Смешно. Но факт. Уже никакая сила не заставила бы меня поднять охапку скошенной кукурузы. Я встала на ступеньку грузовика, перевозившего стебли к силосной яме, и так простояла до конца работы. А утром уже была в институте и сказала, что согласно на любую работу в аудиториях. В общем, все было понято и принято нормально. Меня поставили на мытье полов. Открыв одну из комнат, я увидела засыпанного штукатуркой студента, возившегося у электрической розетки. Он внимательно взглянул в мою сторону и продолжал свое дело, сказав, что пока не стоит мыть, все равно штукатурки еще будет много. С чем я и ушла в другую комнату, но где-то остался этот образ – сосредоточенный, в серой от штукатурки белой шапочке медика. На следующий день я увидела его на скамейке маленького институтского дворика с мальчиком лет трех. Оказалось потом – сынишкой. Не знаю, что случилось. Тысячу раз в книгах утверждалось, что так бывает, и тысячу раз в жизни потом слышала – не бывает. Я – на стороне книг. Бывает. Протянулась какая-то невидимая ниточка, которая натягивалась и вела... Я должна была непременно встретить каждый день этого худощавого, бледного, но с удивительно выразительными темными глазами человека. Когда-то если и рисовался мне образ моего будущего мужа, то это был непременно черноволосый, достаточно яркий, какой-то особенный внешне – конечно, стройный, сильный и т.д. и т.д., и конечно же – не военный! И вдруг... Совсем не яркий, со светлыми волосами, достаточно сутулый и совсем не красавец, старший лейтенант, студент военно-фармацевтического факультета... Но что же случилось? Почему останавливалось, а потом начинало отчаянно колотиться сердце, часто, остро, больно? И не было сил поднять глаза, проходя мимо? И так хотелось, чтобы он увидел, увидел меня. Я не знала ни имени его, ни друзей его. Это продолжалось почти год, пока, наконец, однажды не встретила его у нашего преподавателя ботаники, которой несла пакет с виноградом и персиками, присланными мне из Крыма. Это была молния. Кажется, я на секунды ослепла от неожиданности... Так я познакомилась с моим будущим мужем – Виктором Александровичем Некипеловым.

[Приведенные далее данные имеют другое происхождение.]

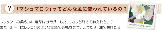 マシュマロウはフラワー(花)、リーフ(葉)、ルート(根)のすべてが利用でき、イタリアのある地方では働き者で明るい女性のことを「マシュマロウのような人」と呼ぶ風習があり、どの部分をとっても不要なところがなく、すべてが役立つ花に例えられることは女性にとって誇りといえそうです。
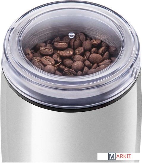 Предназначена для размалывания кофе в зёрнах, орехов, трав, мака и некоторых видов специй.Чаша на 60 граммов кофейных зерен, которой хватает на 12 чашек кофе.Большая кнопка питания, обеспечивающая простоту эксплуатации.Противоскользящие ножки.
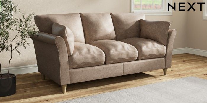 7.3.1 Buy Hartley Relaxed Sit 3 Cushion 3 Seater Sofa Plush Chenille Mid Natural Low Conical - Light from the Next UK online shop
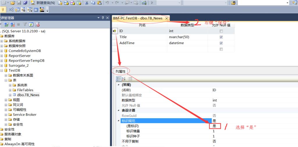 3、在第1步打開的表結(jié)構(gòu)設(shè)置界面,點(diǎn)擊你的列“ID”,在底下的列屬性設(shè)置界面做如下設(shè)置
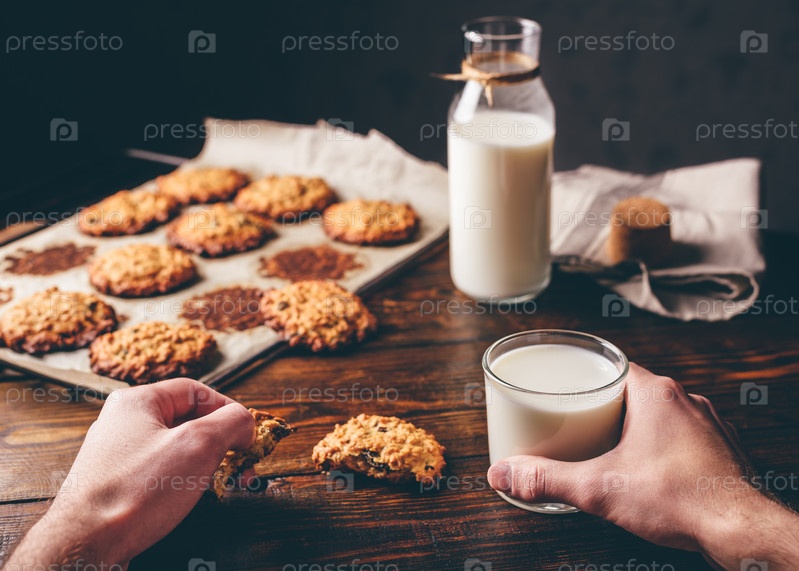 Домашнее овсяное печенье. Мужские руки держат печенье и стакан молока. Некоторые печенья на пергаментной бумаге с бутылкой на фоне
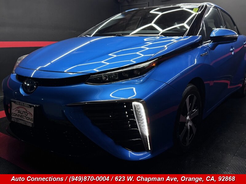 2018 Toyota Mirai — Powered by a hydrogen fuel cell electric powertrain producing 151 hp and 247 lb-ft of torque. Factory-equipped with a single-speed electric drive and regenerative braking, keyless entry with push-button start, dual-zone automatic climate control, touchscreen infotainment with Bluetooth and navigation, rearview camera, LED exterior lighting, alloy wheels, leather-trimmed seating with power driver adjustments and heated front seats. Standard safety systems include Toyota Safety Sense features (pre-collision with pedestrian detection, lane departure alert, adaptive cruise control, automatic high beams), ABS, stability and traction control, multiple airbags and tire pressure monitoring. Excellent overall condition, clean CARFAX, and low mileage under 61,000 miles (averaging less than 7,000 miles per year).
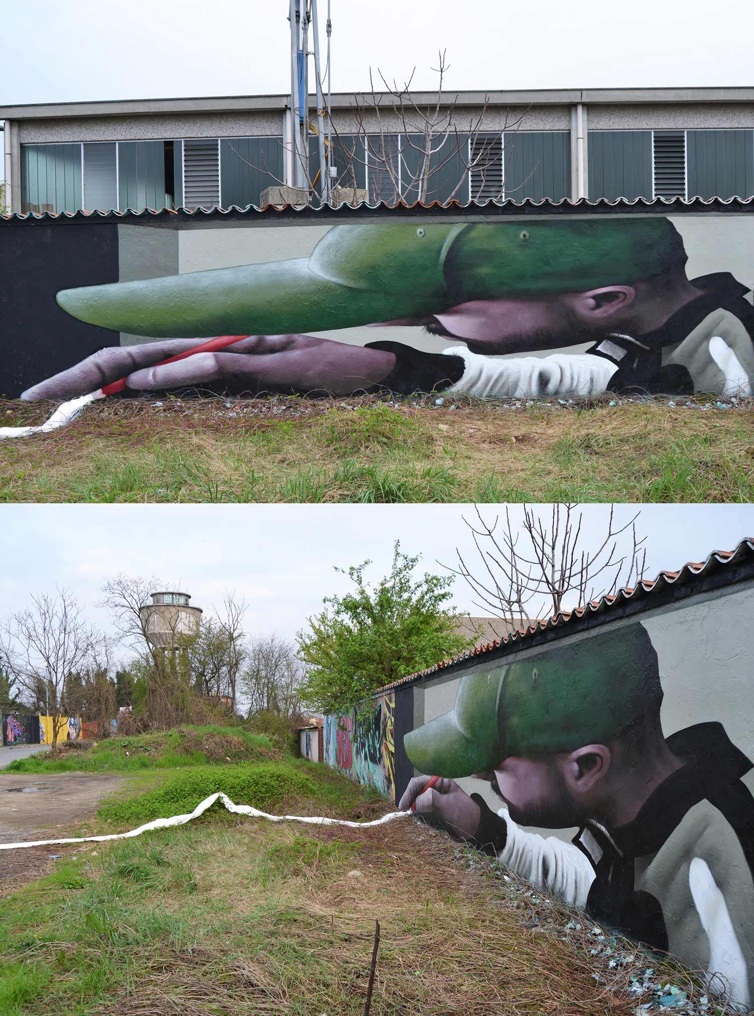 Caiffa Cosimo weiß nicht nicht, wie man wohl-schattiert und perspektivisch korrekt realistisch anmutende Motive an die Wände bringt, sondern auch, über diese Wände hinaus zu denken. Er setzt die unmittelbare Umgebung mit ein. Mal direkter, mal indirekter. Gerne auch im Zusammenspiel mit der Perspektive, so dürften einige seiner Umsetzung nur von einem bestimmten Standpunkt aus wirkliche Entfaltung finden. Von „sehr kreativ“ bis „einfach genial“ ist vieles in seinem Online-Portfolio zu finden – hier eine Auswahl der meiner Meinung nach besten Umsetzungen von ihm.
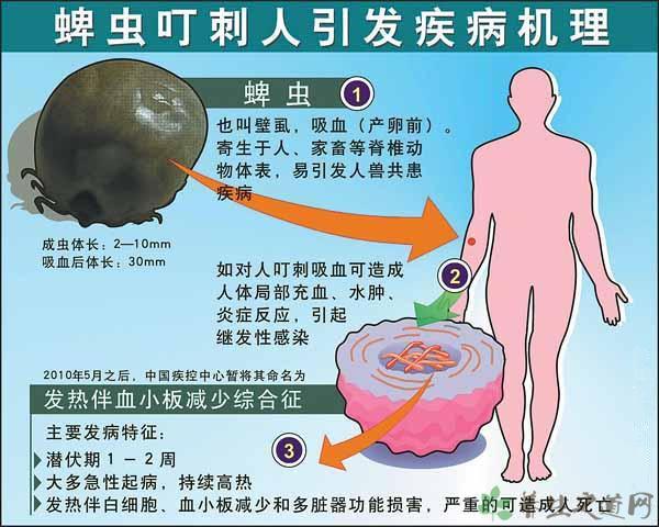 “蜱虫病”, 即发热伴血小板减少综合征,是中国疾病预防控制中心新近在我国中部地区发现的由布尼亚病毒引起的新发传染病,是一种自然疫原性疾病,蜱为其传播媒介。该病以发热伴血小板减少为主要表现,大多数患者有恶心、呕吐及食欲不振等消化道症状和乏力等表现,其中少数重症患者可因多脏器损害,救治无效死亡。
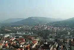 The mountain (German Berg, Latin Mons) refers to the most impressive mountain in the vicinity of Jena, the Jenzig, a 385-meter-high (1,263 ft) limestone mountain with a prominent bald spot, the so-called Jenzignase ("Jenzig nose").
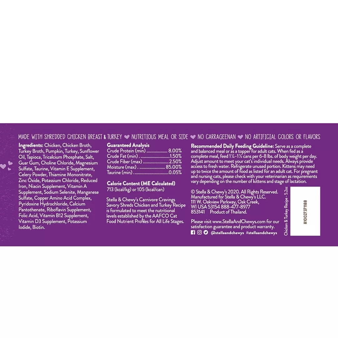Stella and Chewy’s Carnivore Cravings Savory Shreds Chicken and Turkey Wet Cat Food is a shredded chicken and turkey cat food with bits of pumpkin in a tasty turkey broth. Rich in animal protein and low in carbs with added taurine to support heart health, this wet cat food provides essential moisture to keep your cat hydrated.

Оказывается, Юлия Александровна Первова (так звали преподавателя ботаники) не только хорошо знала Виктора, но они дружили. Был даже такой союз "Юнга", что расшифровывалось Юлия – Некипелов – Гончаров – Александровна. Объединяла этот союз поэзия. Все писали стихи. Все любили стихи.

С этого вечера все перевернулось. Спустя какое-то время я спросила у Ю.А., давно ли она знает того гостя, что был у нее.
– Это ж Витя Некипелов. Да я же рассказывала о нем! Действительно, рассказывала, но откуда мне было знать, что это как раз тот студент-военфаковец, которого я ежедневно старалась увидеть. Теперь начались новые муки. Теперь появился страх, вдруг Виктор, встретив, остановит улыбкой и вопросом, например: когда угостите нас снова таким вкусным виноградом? Теперь я ловила каждое слово Юлии Александровны о Викторе. Узнала, что он родился в Харбине, что он не очень счастлив с женой, что дома у него очень тяжелая обстановка, что живут они материально очень стесненно, что Виктор учится и работает. Что он необыкновенно талантливый человек, но слабый по характеру... Что женился он необычно... по переписке. Т.е. была у него в Сибири женщина, которую он любил, а потом они вроде бы рассорились, а возможно, расстались, потому что Виктор уехал в Харьков учиться. Как-то получил письмо от подруги этой женины, ответил (он всегда отвечал на письма)... завязалась переписка. Подруга однажды написала, что очень хотела бы посмотреть Харьков... Пригласил ее. В первый же вечер произошла ссора, глупая, нелепая... Но уже и чувство ответственности – человек вроде к тебе приехал, в незнакомый город... И не просто человек, девушка... В общем, поженились. Ссоры были постоянными, родился в конце концов сын, и это еще больше сделало невозможным разрыв.

– Подумать только, какие были чудесные письма. Я читала их. Больше того, я сама благословила Витю.

Ни о чем не догадываясь, Ю.А. рассказывала мне какие-то мелочи.
– Сегодня Витя принес сборник А.Грина, хотите посмотреть?
Или:
– Мы вчера гуляли вечером и читали стихи на память. Вы любите Тютчева?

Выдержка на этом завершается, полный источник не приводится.